Aaron R. Davis
A college town is a noisy place to live for nine months of the year. You settle into a routine that is predictable, but not exactly comforting. It’s something I brace myself for every year, and all the years are so depressingly the same that it’s kind of no wonder that the last five or six of them have all been one giant blur for me.
See, in mid-to-late August, the move-ins begin. I’m in an apartment building just off-campus, too close for my liking to the residence towers and just across the street from the football field, so besides the noise of people moving in all over the complex, I also get some of the noise (and traffic) overflow of people moving into the dorms. It’s a loud few weeks. Some of it is inevitable and can’t really be helped, like the bangs that come with negotiating a secondhand couch and a crumbling end table up three flights of stairs. Some of it is obnoxious and irritating, like the nights of kids, giddy with the excitement of pretending that this is the same thing as moving out of the house, experimenting with how loud they can get their stereos before you start knocking on the walls.
After that, classes begin. This is the town at its most full, positively glutted with new students who have yet to find the quickest route to their classes, see how many classes they can get away with not going to, or get kicked out for guessing wrong. It’s hard to drive because there are pockets of jaywalkers trying desperately to get over to Subway and Caribou Coffee and Panda Express, every group more entitled to assumed traffic will stop for them than the last. It’s a whirlwind of annoyances, and I find it’s easier to stay indoors lest you be interminably delayed by campus buses, walls of humanity at crosswalks and what always seems to be an entire fleet of Jimmy John’s delivery cars.
The first few weeks are the party weeks. The It’s the Start of a New Year and We Don’t Have to Live in the Dorms This Time Party. The We Survived the First, Lightest Week of School Party. The Holy Crap, We Also Survived the Second Week of School Party. The God I Hope This Is the Year a Girl Gets Drunk Enough to Sleep with Me Party. And so on and so on. Every week, until it’s time to really do some studying and pass those classes, which is a brief settling into relative peace and quiet until the Holy Shit, Finals Are Over and It’s Christmas Break Now Party (or, for the truly ambitious/asinine, the I Can’t Believe Finals Are Almost Over Party).
Then there’s a month of quiet. Not true quiet, as there are a lot of people who only go home for the one week of Christmas and New Year’s Eve, but the dorms are cleared out for a month, so the majority are gone back to their homes and I get to enjoy the holidays (which, as you remember, are times I consider best spent in solitude, enjoying the warmth and love of knowing you could be with your family right now, but blessedly aren’t).
Then there’s the return, but fewer parties this time because of the crappy, snowy weather. This leads right into spring break with the town emptied out again, and by then people are too tired for parties because they’re hung over and ramping right into finals. Of course, the parties do return both after and during Finals Week, but they’re not quite as boisterous as the parties in the fall. They’re sort of survivor gatherings, blowing off steam and tension. Everyone’s tired and just wants to go home and have their summer.

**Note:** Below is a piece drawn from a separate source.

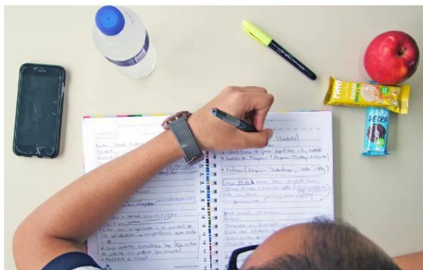
ALIMENTAÇÃO — Foto: Departamento de Imprensa/Unisantos

No dia da prova, segundo o nutricionista Cezar Azevedo, o ideal é levar um lanche rápido, como barra de cereal. Veja o rótulo e prefira aquelas com boa quantidade de componentes alimentares, como castanhas, uva passa, amêndoas ou aveia, frutas desidratadas (uva, banana, maçã ou lascas de coco), castanhas (pode ser um mix de caju, do brasil ou amêndoas) e até mesmo um chocolate”.

There’s a couple of days of graduation (lots of different ceremonies for different schools, departments and colleges within the university) tying up traffic for a weekend, and then the move-outs begin in earnest. Some people take the opportunity of slowing down to move out gradually, a little bit every weekend, and then reserve a Saturday to rent a truck or bring a van and take out the furniture so they’re all ready by the time they graduate. Others take a day and their families come and help them clean up and vacate.
Weirdly, I’ve always noticed that moving out is never as loud as moving in. Maybe the moving in is all excitement and the moving out is just a little bittersweet. I remember my first apartment, back when I was 20 and needed to get away from home. I hated the entire experience — fraught with poverty, malnourishment, terrible illness and the world’s shittiest roommate — but I still felt regretful when the year was over and I had to move back in with my mother and sister. Even at its most dire, living out on your own (such as it is for a college student) is infinitely preferable to having to be “on” at home all the time (which is another reason why I don’t do holidays anymore).
In the late summer, the process begins again.
But right now, it’s early summer.
And in early summer, I feel energetic and relaxed, all at the same time. Instead of a thousand little annoyances, I see a thousand possibilities. I see shorter lines at the movies and less traffic around lunchtime. Being immediately seated at diners and just being able to sit and listen, cup of coffee in hand, to the sounds of the morning and the birds chirping and no college kids with their incessant coughing and puking and shitty music. This is the time when I most enjoy life and feel the least outraged.
I know the summer can’t last forever. I know that the outrage will return. There will always be commercials that piss me off or politicians who anger me or celebrities who say really stupid things that should be ignored but won’t be or, you know, people. Fucking people.
But for this week, satisfied that there are fewer of them, I’m just letting that all wash over me. Because the best time of the college year is right now, when the kids are all gone.